Avanza proyecto para liberalizar importación de combustibles

Un grupo de senadores presentó un proyecto de ley que busca liberalizar la importación y comercialización de combustibles en Bolivia, prometiendo un mercado más competitivo y menos burocrático.

Valeria Padilla · 31 Ago 2026 · 3 min de lectura

La semana pasada, los senadores Branko Marinkovich, Ernesto Suarez y Kathia Quiroga llevaron a la Cámara de Senadores el Proyecto de Ley de Libertad de Importación, Almacenaje, Transporte y Comercialización de Combustibles Líquidos. Este proyecto responde a la necesidad de mover el negocio de importación de combustibles hacia el sector privado, lo que podría ser un paso significativo para mejorar la situación actual del mercado.

La propuesta establece un régimen de libre importación de combustibles que abarca toda la cadena de distribución, lo que permitirá que tanto personas como empresas nacionales y extranjeras importen combustibles sin la necesidad de cumplir con controles de precios o barreras burocráticas. La idea es fomentar un mercado competitivo donde los importadores se esfuercen por ofrecer la mejor relación calidad-precio.

Este proyecto busca disolver el monopolio estatal de YPFB, que ha enfrentado críticas por su corrupción y por la escasez de combustibles. La nueva ley también propone eliminar las barreras administrativas actuales, lo que podría facilitar la entrada de nuevos jugadores al mercado.

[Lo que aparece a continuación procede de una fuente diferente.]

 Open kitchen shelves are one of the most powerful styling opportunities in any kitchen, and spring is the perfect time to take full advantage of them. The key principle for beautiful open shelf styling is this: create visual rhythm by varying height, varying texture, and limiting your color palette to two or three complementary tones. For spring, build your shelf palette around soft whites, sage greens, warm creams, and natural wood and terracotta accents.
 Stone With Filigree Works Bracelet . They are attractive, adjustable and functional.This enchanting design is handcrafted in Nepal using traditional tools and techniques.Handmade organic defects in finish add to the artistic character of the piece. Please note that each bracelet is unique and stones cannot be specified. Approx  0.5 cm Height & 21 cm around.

Las empresas importadoras, bajo esta ley, no necesitarán permisos previos ni trámites complicados, solo deberán inscribirse en un registro y cumplir con estándares básicos de calidad. Podrán vender directamente al público a precios establecidos por ellos mismos, sin depender de YPFB para la comercialización.

Además, el régimen impositivo se simplifica, aplicando un IVA del 3% sobre la importación y comercialización de combustibles, en lugar del 13% habitual. Esto podría ayudar a abaratar los precios de los combustibles y estimular la producción nacional.

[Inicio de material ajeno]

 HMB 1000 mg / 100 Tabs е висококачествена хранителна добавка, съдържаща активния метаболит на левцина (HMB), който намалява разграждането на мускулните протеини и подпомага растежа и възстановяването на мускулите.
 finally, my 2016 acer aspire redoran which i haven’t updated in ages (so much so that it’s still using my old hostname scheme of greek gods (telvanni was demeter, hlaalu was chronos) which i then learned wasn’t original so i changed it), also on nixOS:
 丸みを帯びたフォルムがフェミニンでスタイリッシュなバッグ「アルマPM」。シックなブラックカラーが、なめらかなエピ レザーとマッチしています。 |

Sin embargo, el proyecto no está exento de críticas. Un aspecto cuestionado es la coexistencia de un mercado privado y la posibilidad de que YPFB continúe operando bajo precios regulados, lo que podría generar una competencia desleal. Además, la creación de una entidad estatal para verificar la calidad de los combustibles podría abrir la puerta a la corrupción.

Finalmente, el mayor desafío que enfrenta la iniciativa es de carácter constitucional, ya que la actual normativa establece que YPFB es el único responsable de la cadena productiva de hidrocarburos. Aunque existen interpretaciones que podrían permitir la participación privada en la importación, la ambigüedad del texto legal deja abierta la posibilidad de demandas de inconstitucionalidad que podrían frustrar el proyecto.

A pesar de las críticas, el espíritu del proyecto busca liberar el mercado y permitir la competencia en la importación de combustibles, lo que podría ser una solución a los problemas actuales de abastecimiento y calidad.